An der Berliner Volksbühne, wo er seit Jahren seinen Heimathafen hat, sah Kresnik zuletzt oft alt aus bei seinen Bemühungen, ganzkörpergepiercte Jungspunde zu rühren. Das Stück von Werner Fritsch (der Kresnik auch schon das Libretto zu „Gründgens“ schrieb) erzählt aus der Perspektive eines greisen Kindes (Joachim Konrad) von den Verwirrungen einer österreichischen Bauerngemeinschaft, die nie weiß, ob sie sich vor den Nazis oder den ebenso regelmäßig auftauchenden Partisanen ducken soll. Beim Bemühen, zu überleben und gleichzeitig einen Rest Würde zu wahren scheitert der Vater (Michael Altmann) – er wird erschossen von der SS- Personifikation Geigenbauer (Helmut Zhuber). Hier verbindet eine lebensgeschichtliche Wurzel den Pfälzer und den Kärntner: Kresniks Vater wurde vor den Augen des damals Dreijährigen von slowenischen Partisanen erschossen, Fritschs Großvater 1945 ermordet, als befreite KZ-Häftlinge dessen Bauernhof plünderten. Kresnik, der sich so oft an den Lebensläufen ferner Berühmtheiten abgearbeitet hat („Jünger“, „Frida Kahlo“), scheint im 61. Lebensjahr die eigene Biographie als Droge und Reizmittel zu entdecken, hat er doch kurz zuvor in Berlin mit „Don Quixote“ auch sein Leben als letzter roter Horrorhampelmann reflektiert.

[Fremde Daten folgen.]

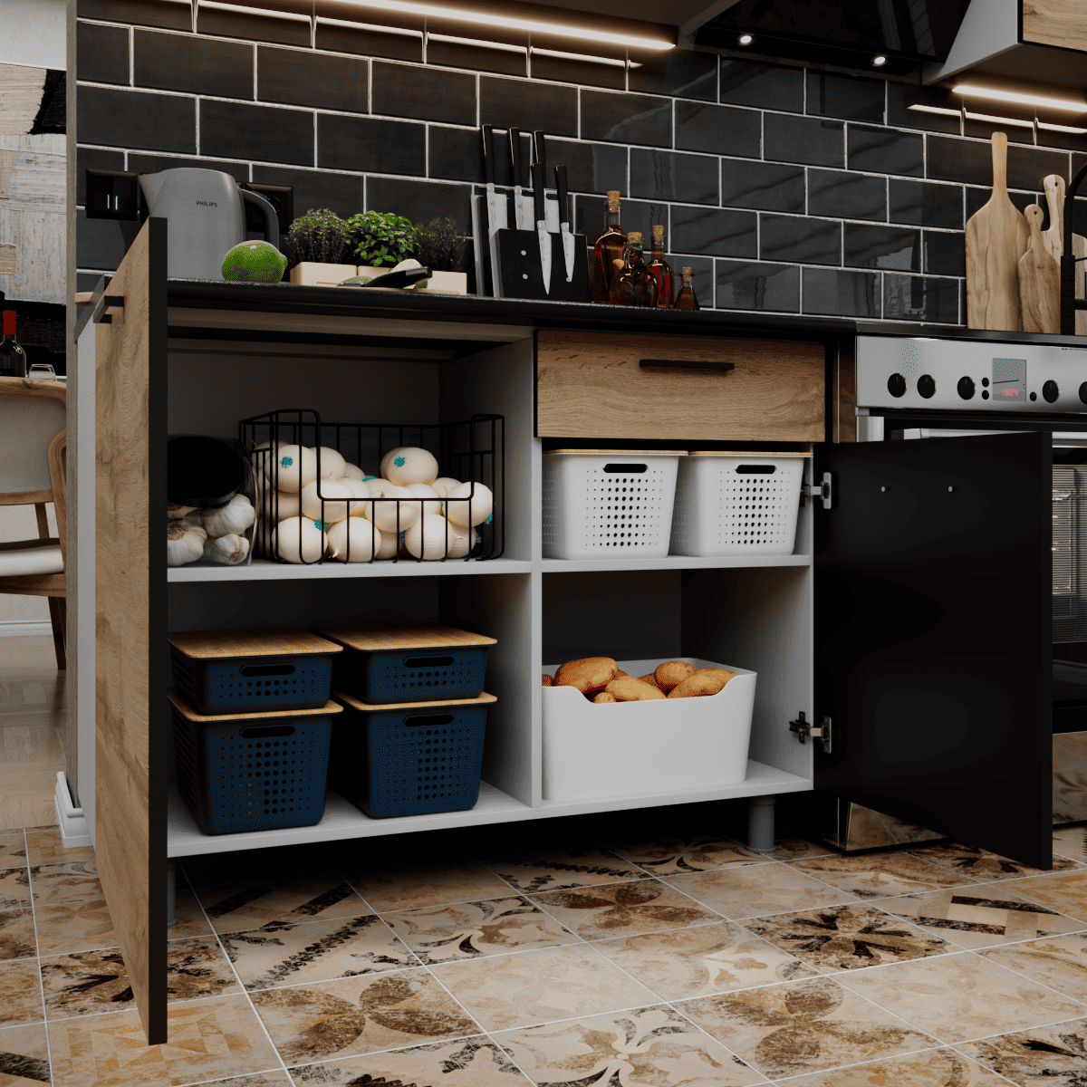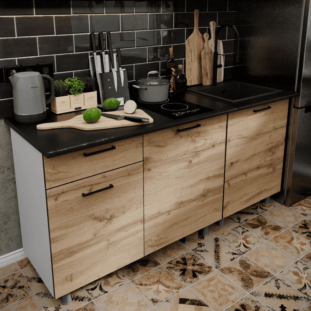 Представляем вашему вниманию кухонный гарнитур ЛАВАНДА, который идеально воплощает черты лофта и эко-минимализма: эта стильная кухня привлекает взгляд фасадами в насыщенном декоре «дуб золотой» с реалистичной древесной текстурой. Готовая кухня построена на эффектном контрасте теплых оттенков дерева и графичных черных акцентов, создавая уютную атмосферу. Верхний ярус без лицевой фурнитуры визуально облегчает пространство, а нижние секции обеспечивают высокую функциональность. Рабочая зона для удобства монтажа комплектуется двумя столешницами размером 1100х600х26 мм и 600х600х26 мм, что позволяет гибко организовать пространство. Благодаря регулируемым опорам и продуманной эргономике, эта кухня для дома станет практичным решением, сочетающим современный дизайн с удобством ежедневного использования.
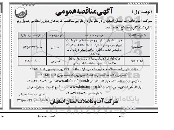 شرکت آب و فاضلاب استان اصفهان در نظر دارد از طریق مناقصه خریدهای ذیل را مطابق جدول زیر را از فروشندگان ذیصلاح انجام دهد.
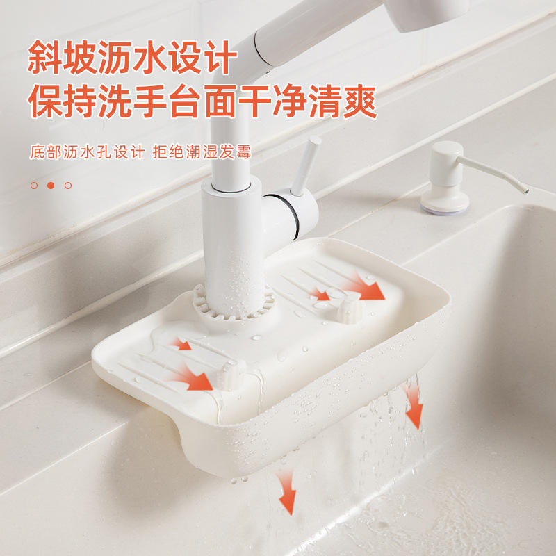 Faucet Splash Guard Sink Drain Mat Trapezoid Wall Mounted Multi Function Kitchen Storage Rack
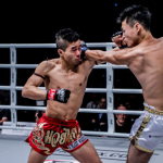 小笠原(右)は長身から繰り出すミドル・ローで距離を取りたいがニューイェンの前進を止められない

Die aus pfälzischer Mundart destillierten Sprachbilder Fritschs spiegelt der Regisseur in Ekeltableaus einer karnevalistisch aufgekratzten Albtraumrevue – ein paar entblößte Gemächte haben die Thalia-Verwantwortlichen unnötigerweise bewogen, das Stück erst ab 18 freizugeben. Gleich im Foyer empfangen den Besucher salatwiederkäuende Schauspieler, Blut fließt literweise, KZ-Häftlinge werden in Erdbeermarmelade ertränkt, Zehen mit der Zange abgerissen. Doch wirken die vertrauten Kresnik-Tricks frisch, weil die Ratlosigkeit darüber, wie Menschen dies alles einander antun können, auch nach mehr als 30 Jahren noch ganz authentisch ist. Dazwischen gibt es im klaustrophobischen Holzkäfigbühnenbild Martin Zehetgrubers auch bisher ungesehene Visionen: Der Felsregen, der auf die Häftlinge im Steinbruch niedersplittert, der Monolog einer rätselhaften Quasimodogestalt kopfüber unter dem Thalia-Bühnenhimmel.

 Das Totem in dieser Geisterbeschwörung ist der Gartenzwerg. Gartenzwergmützen tragen die Mörder ebenso wie ihre Opfer, einmal wird ein riesiger grinsender Gnom auf die Bühne gehievt, dessen Bauch die Akteure entsteigen. Der Gartenzwerg ist hier kein freundlicher Wichtel, sondern ein Dämon, der aus der deutschen Erde sprießt, die vergessene und verdrängte Leichen birgt.